There have been huge monetary and political changes for the Republic of Croatia this year already, with the country being the first to ever join both Schengen and the Eurozone on the very same day. When it comes to money, or at least items of value, gold is something that the country has allegedly not really had on its radar for a great many years, until December 2022, that is.

As Poslovni Dnevnik writes, Krishan Gopaul, an analyst at the World Gold Council, tweeted that ”The Central Bank of Croatia bought almost 2t of #gold in December. Prior to that they were not reporting any gold holdings, and haven’t since 2001. And this is another Eastern European central bank who had bought gold in 2022.”

While many will likely focus not on the topic of gold but on the fact that he referred to Croatia as Eastern Europe (let’s not go there now), this is interesting because the country hadn’t reported any gold holdings for such a long time now.

The gold was immediately forwarded by the Croatian National Bank to the European Central Bank because since January 1st, 2023, upon joining the Eurozone, the Croatian National Bank has also participated in the management of part of the ECB’s international reserves, as do all other central banks of Eurozone member states.

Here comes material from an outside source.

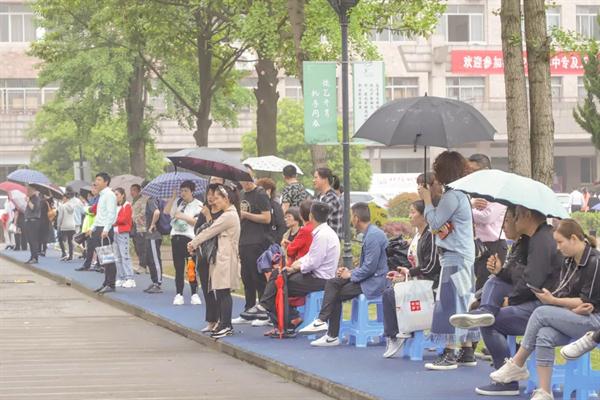 4月20日早上八点,学校附中楼、图信中心、音乐楼陆陆续续来了许多考生与家长,考生有序排队进场,家长们守候在外。天空飘起了雨滴,许多家长撑着伞等候,寸步不离。

To be clear, the statute of the European System of Central Banks and the European Central Bank stipulates that the national central banks of Eurozone member states must transfer part of their international (foreign exchange) reserves to the ECB when joining the Eurosystem. As such, the Croatian National Bank also had to transfer part of its assets as well, according to what was explained by the bank for tportal.

National central banks of the Eurozone pay money in relation to the existing balance of international reserves of the ECB, namely 85 percent of the amount in US dollars and 15 percent in gold.

The Croatian National Bank was supposed to transfer 639.9 million euros to the ECB, that is, 580.1 million in US dollars and 96 million euros worth of gold, which the central bank did not have at that time.